Porém, se para alguns garotos tais momentos se fazem importantes, para outros, como é possível perceber a partir das narrativas de Pedro Paulo e Gabriel, esses momentos não adquirem igual relevância:

- ah, a primeira [namorada], não lembro, nem sei quem foi a primeira,

(risos) não lembro… Faz tempo! Ah, falar pra você, com 12, 13, eu já…

- Mas, era só namorinho, ou já tava…? - Ah… (risos) já tava transando.

(Pedro Paulo, 19 anos, autônomo, EF incompleto)

- Primeira vez, [que beijou] nossa! Acho que eu tinha uns 11 anos… A

mina já tinha uns 15 já […] Comecei cedo… Fora as amiga da minha

irmã que ia lá, ainda.

- e o que rolava com as amiga da sua irmã?

- Ah, passada de mão, só… uns beijo, pouca coisa, nem sabia beija

direito […] é que você começa novo. Molecadinha, na rua, se você fica

o dia inteiro na rua você aprende muita coisa, ouve muita coisa. (Gabriel, 15 anos, 1º. EM, Manhã)

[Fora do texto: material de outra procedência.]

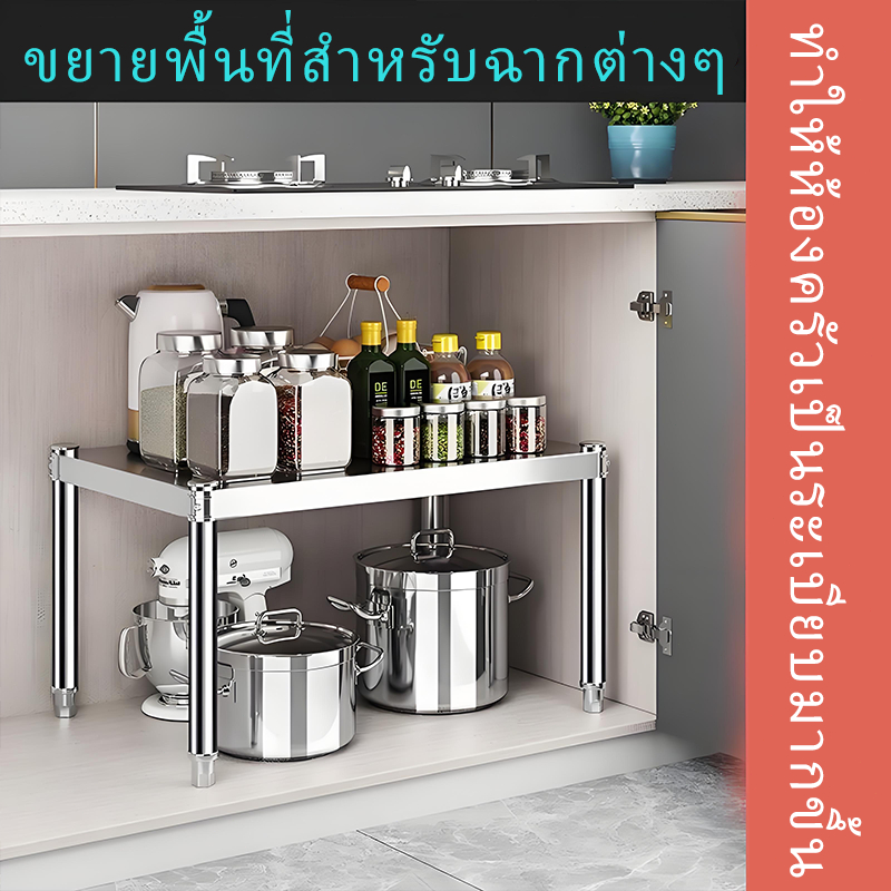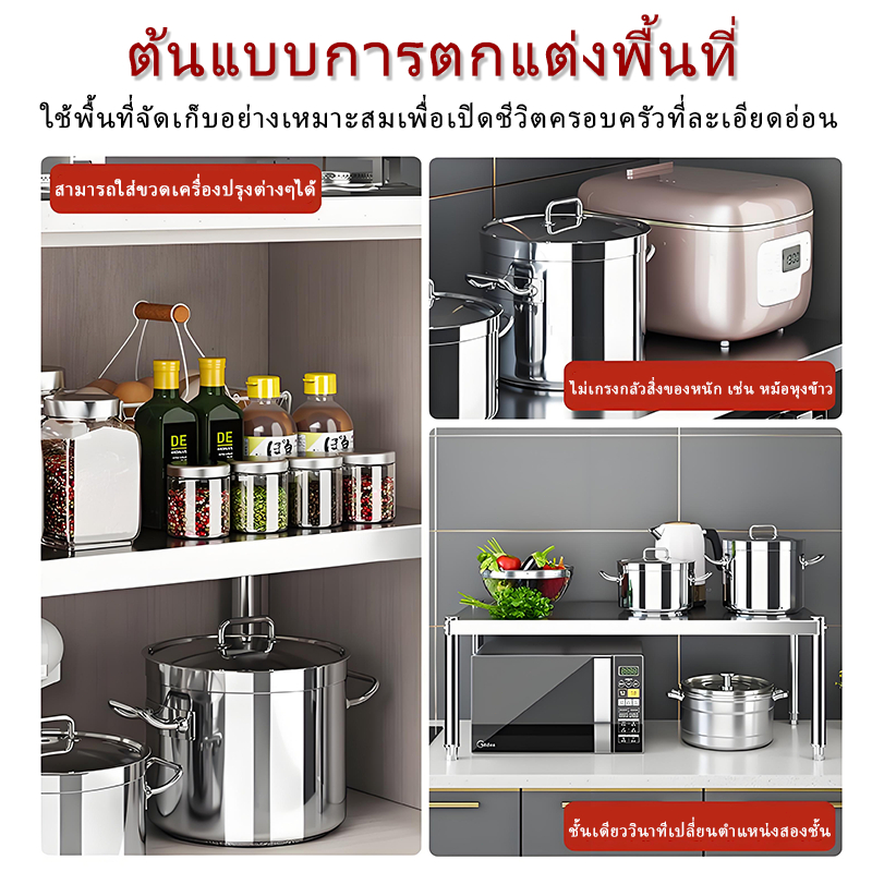 【พร้อมส่ง】ชั้นวางของฝากระทะ สามารถปรับระดับชั้นวางห้องครัว มัลติฟังก์ชั่พับเก็บได้ชั้นวางหม้อต้มน้ำ วัสดุเหล็กมีความทนทา

As experiências descritas no discurso de Pedro Paulo têm um caráter inespecífico, sendo que ele refere não se lembrar do primeiro beijo, e, tampouco, da primeira relação sexual, o que possibilita uma compreensão de que há experiências e aprendizados que tanto antecedem, como se mesclam a esses momentos

determinados, o que se aproxima das experiências descritas no discurso de Gabriel ao referir-se às amigas da irmã. Este último, portanto, traz à tona experiências costumeiras entre alguns meninos no que se refere ao aprendizado da sexualidade, como espécies de brincadeiras de conotação sexual, que podem envolver beijos, abraços e carícias, trocadas geralmente com meninas que frequentem os mesmos ambientes, seja a escola ou a própria casa do garoto, tal como as amigas da irmã, supracitadas. Tal interpretação vai ao encontro do discutido por Olavarría (1999), quando afirma que esse tipo de jogo, que envolve o aprendizado da sexualidade na adolescência pode ser dar, não somente com namoradas, mas pessoas próximas, como amigas ou mesmo vizinhas.

Assim, podemos observar que, num contexto de transição, de busca por experiências significativas de passagem a uma etapa posterior, algumas dessas experiências podem ocorrer de forma lúdica, em que jogos típicos de uma fase de experimentação do próprio corpo, e da relação com o outro, são comuns, propiciando um rito de passagem, sem valor específico nele mesmo, ou seja, uma iniciação não tão demarcada ao mundo dos relacionamentos afetivo-sexuais.